(Stored data entries)
<<<<
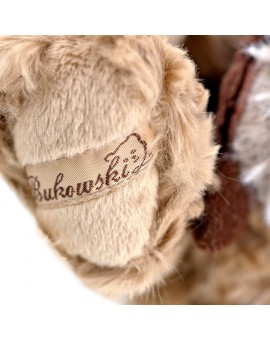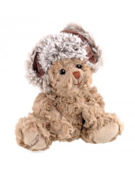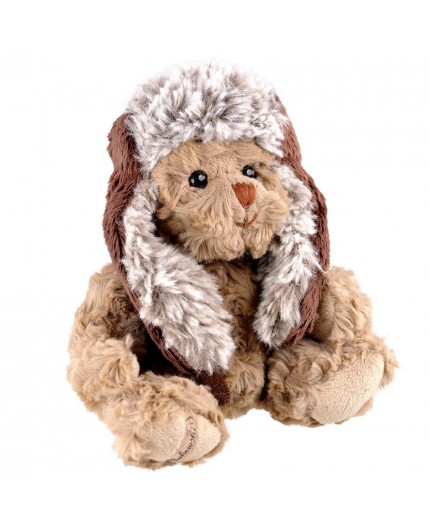 Mini ours brun habillé d'une chapka brune foncée et grise
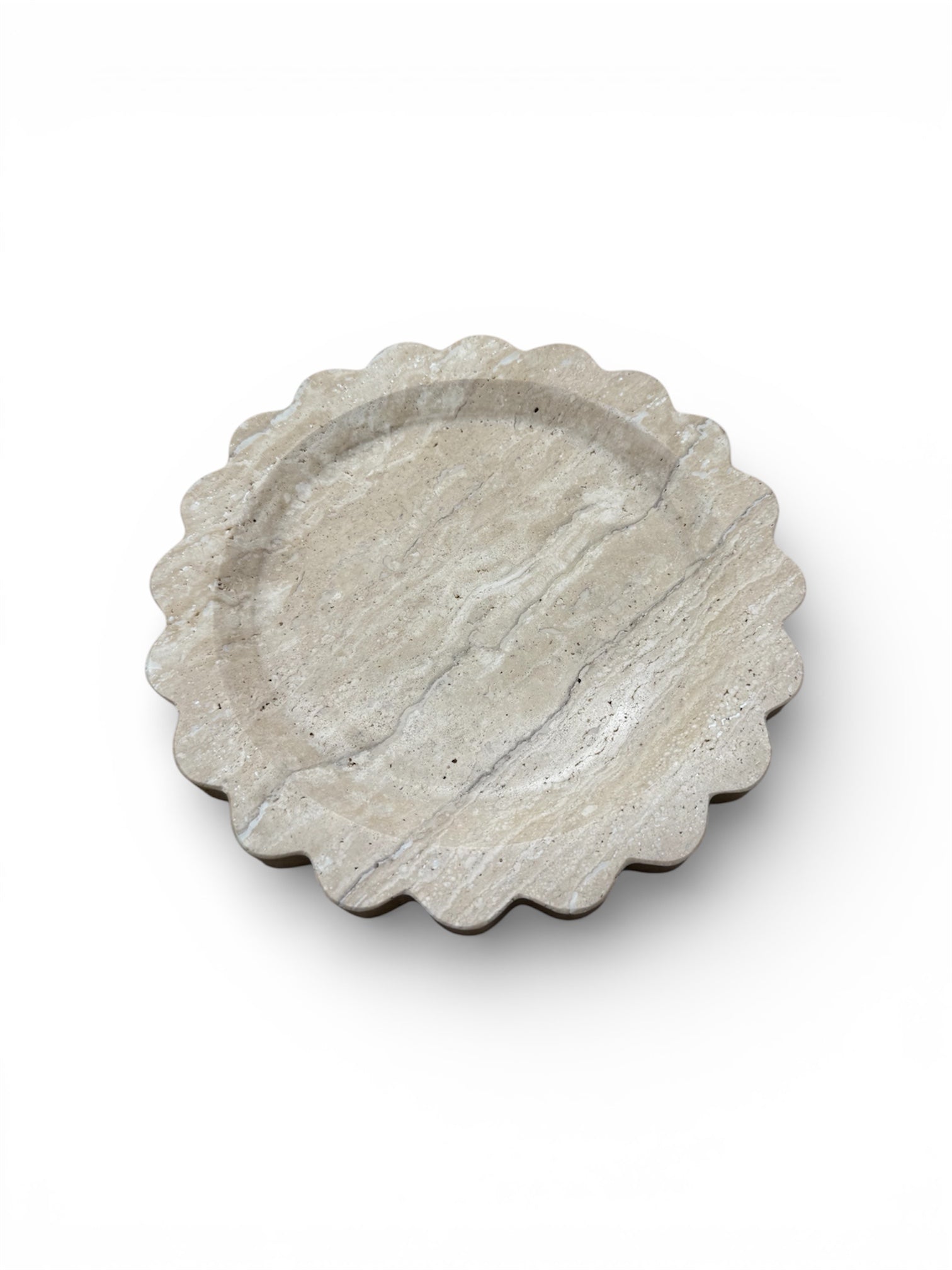 Carved from natural travertine, the Luna Scalloped Tray is a sculptural accent piece, designed to bring softness and quiet elegance to interior spaces. The stone's pale, earthy tones and natural markings give each tray its own character. Perfect for styling coffee tables, vanities, bedside tables or consoles, it serves as both a functional piece and a decorative statement.
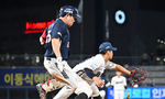 [OSEN=창원, 이석우 기자] 5일 창원NC파크에서 2025 신한 SOL 뱅크 KBO 리그 NC 다이노스와 두산 베어스의 경기가 열렸다. 홈팀 NC는 로건이, 방문팀 두산은 잭로그가 선발 출전했다. 두산 베어스 오명진이 연장 10회초 1사 2,3루 NC 다이
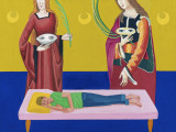 The Most Beautiful Hours – a title unmistakably reminiscent of medieval books of hours, and which openly signifies a graphic connection to them – is a stunning project that translates into visuals the highlights of the artist’s everyday life. The almost permanent presence of a figure that bears her own features seems to support this point of view unambiguously. Whether seen from the back, sideways, face-on, standing or sitting, the depictions of the artist and her friends and relatives introduce us to, invite us to share, and perhaps to relive, these chosen moments. The one who paints the picture, or depicts the situation, is simultaneously a person and a character in it. She sees, sees herself, and is seen, and is therefore the one who has experienced what we see and who lets us see it. […]
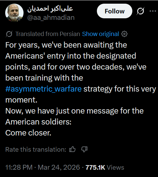 >>533981348I agree with you but also I think that's the plan. in case it's not clear I don't think the plan is going to work.we could shrug it of now and make a deal but we're too proud. the entire world economy will have to suffer for months before out leadership will be willing to suffer such izzat lossand to be clear I'm not just talking about Trump and I'm not just talking about the White House or even the Americans. look at the shit von der leyen, starmer, merz, milei, etc etc are saying. practically the entirety of white western civilization stands to be humiliated in this situation (oops shouldn't have supported jews). people compare this to the suez crisis but this is a much, much bigger deal than that. it can only end if the Iranian regime collapses, or if the western powers repudiate decades of their own rhetoric, admit that they were wrong, and recognize the legitimacy of the #1 enemy of Israel on earth.
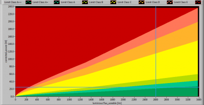 The lamp’s performance in the lumen-Watt field, with the energy efficacy fields indicated.
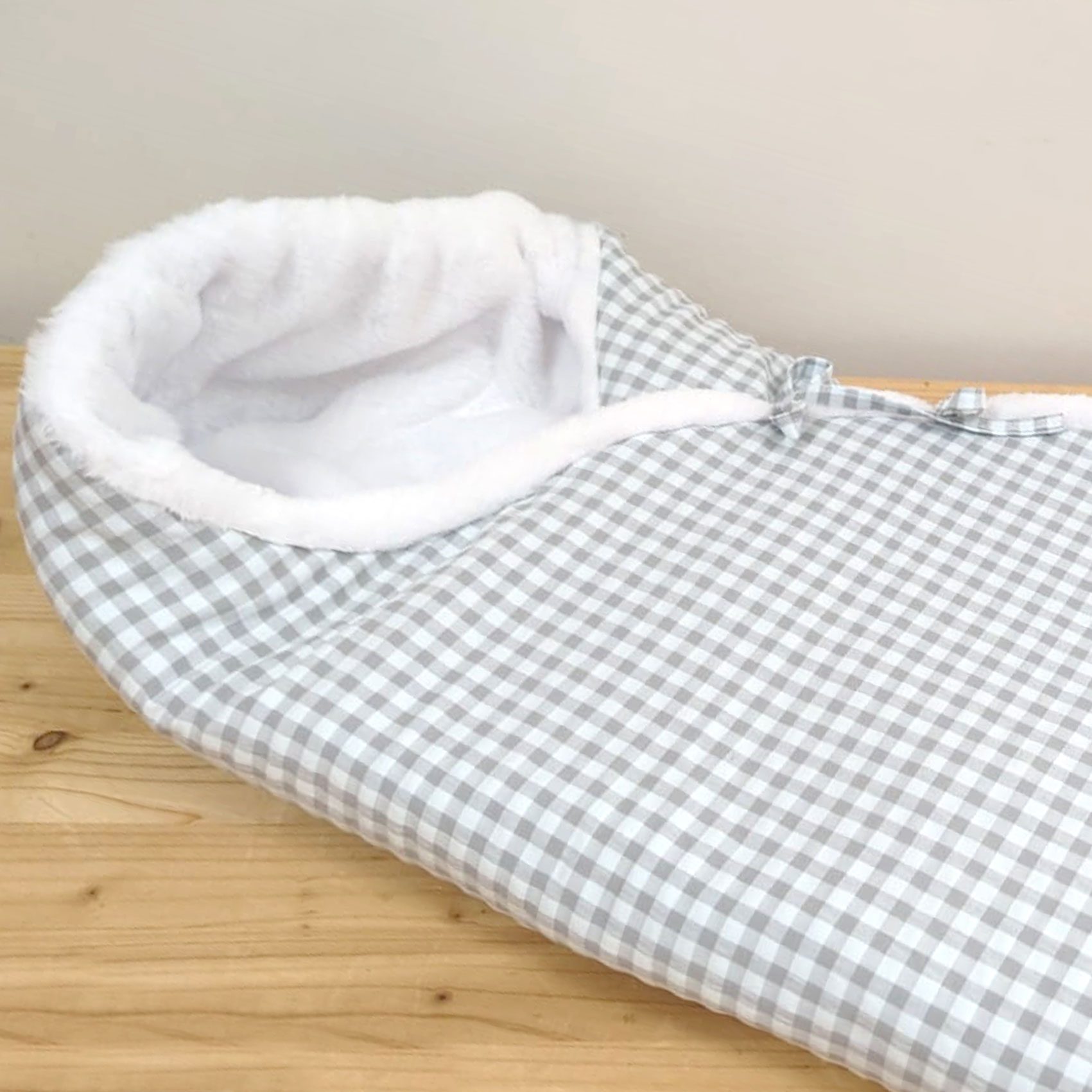 Arrullo para el capazo, moisés o para ternar al bebe en brazos. Peluche en el interior. Opciones de cierre con  dos botones  o lazos.
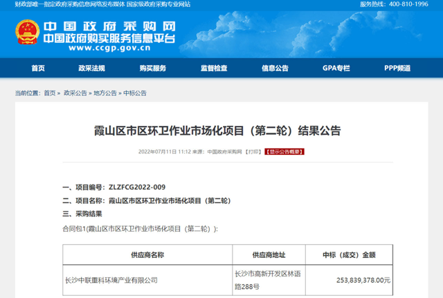經(jīng)歷了去年的短暫下滑之后,盈峰環(huán)境在2022年上半年迎來爆發(fā)。7月11日,中國政府采購網(wǎng)發(fā)布廣東省湛江市霞山區(qū)市區(qū)環(huán)衛(wèi)作業(yè)市場(chǎng)化項(xiàng)目(第二輪)結(jié)果公告,長沙中聯(lián)重科環(huán)境產(chǎn)業(yè)有限公司中標(biāo),中標(biāo)金額2.53839378億元,項(xiàng)目服務(wù)期為3年。
>>>>
The problem - After dropping the pictures, reproduce exactly the lines from the first line of the entries through the line containing "[OSEN=창원, 이석우 기자]", both included.

Exercise solution -
 Mini ours brun habillé d'une chapka brune foncée et grise
 Carved from natural travertine, the Luna Scalloped Tray is a sculptural accent piece, designed to bring softness and quiet elegance to interior spaces. The stone's pale, earthy tones and natural markings give each tray its own character. Perfect for styling coffee tables, vanities, bedside tables or consoles, it serves as both a functional piece and a decorative statement.
 [OSEN=창원, 이석우 기자] 5일 창원NC파크에서 2025 신한 SOL 뱅크 KBO 리그 NC 다이노스와 두산 베어스의 경기가 열렸다. 홈팀 NC는 로건이, 방문팀 두산은 잭로그가 선발 출전했다. 두산 베어스 오명진이 연장 10회초 1사 2,3루 NC 다이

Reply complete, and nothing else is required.